BP stört sich an Spannungen zwischen Russland und dem Westen offenbar nicht. Die Briten haben mit dem russischen Staatskonzern Rosneft einen neuen Milliardendeal vereinbart. Rosneft-Chef Setschin steht als enger Putin-Vertrauter auf der Sanktionsliste der USA.

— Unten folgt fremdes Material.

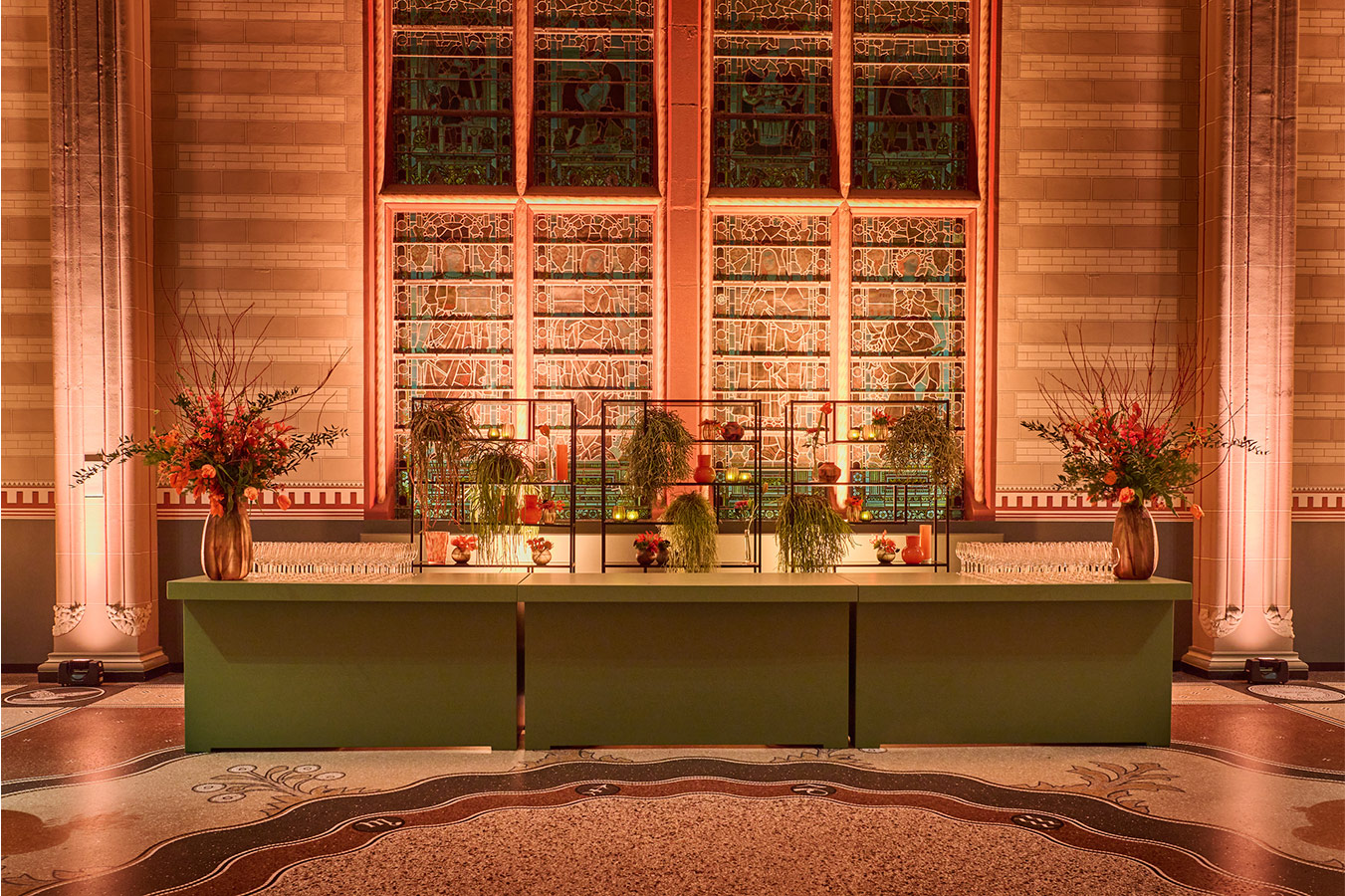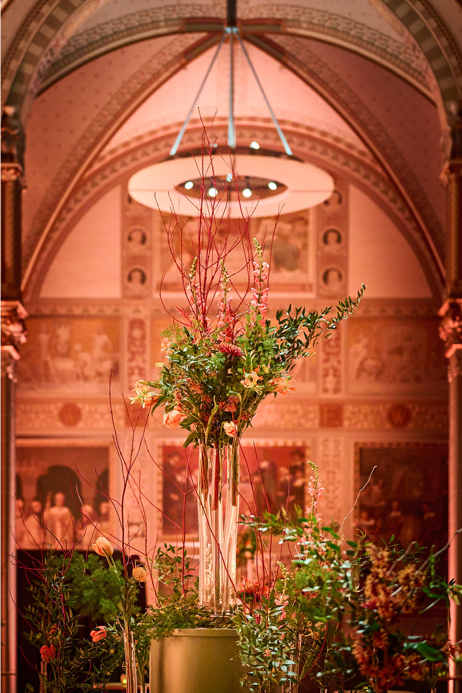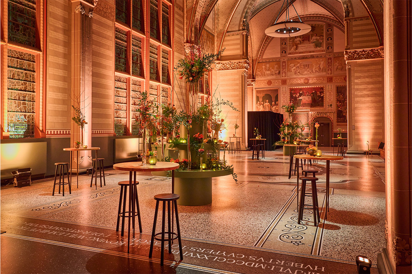 In the imposing front hall of the Rijksmuseum in Amsterdam, we realised the decoration of an exclusive summit. During this stylish walking dinner, we created a memorable and welcoming setting with colourful decoration in a colour palette of modern and earthy tones. Elegant lush floral arrangements and natural materials enhanced the characteristic elements in the space en ensured a harmonious overall experience
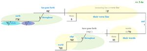 This illustrates reference point movement (as in the story) and absence of movement (as in the description), as shown in the parentheses of “and (then)” and “and (at the same time).” The significance of reference point movement (and lack of movement) can become very significant when making sense of larger sections or whole psalms.
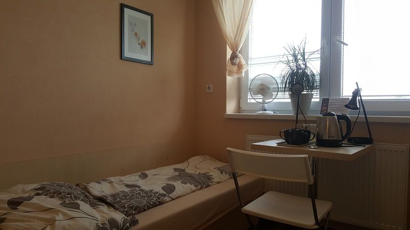 แต่น แตน แต๊น...เปิดประตูห้องเข้าไปจะพบกับเตียงเดี่ยวขนาดพอดีตัว 4 เตียง เรียงชิดกำแพง ฝั่งละ 2 เตียง ริมสุดของห้องมีหน้าต่างสีขาวบานโต พร้อมกับโต๊ะ เก้าอี้ โคมไฟ กาน้ำร้อน แก้วน้ำ พัดลม มีกระถางต้นไม้เล็ก ๆ ด้วยจ้า ให้ความรู้สึกมีชีวิตชีวาขึ้นมานิดนึง ???

Der britische Energiekonzern BP hat ungeachtet westlicher Sanktionen sein Engagement in Russland mit einem Milliardendeal bekräftigt. BP und der russische Staatskonzern Rosneft wollen gemeinsam Schieferöl-Vorkommen in Russland erschließen. Den Vertrag hatte am Samstag Igor Setschin unterzeichnet, der als enger Vertrauter des russischen Präsidenten Wladimir Putin von US-Wirtschaftssanktionen gegen Russland betroffen ist. Putin selbst war bei dem Vertragsabschluss auf dem Wirtschaftsforum in St. Petersburg ebenfalls anwesend. Geschäfte mit dem Unternehmen Rosneft seien von den Sanktionen nicht betroffen, hieß es von BP.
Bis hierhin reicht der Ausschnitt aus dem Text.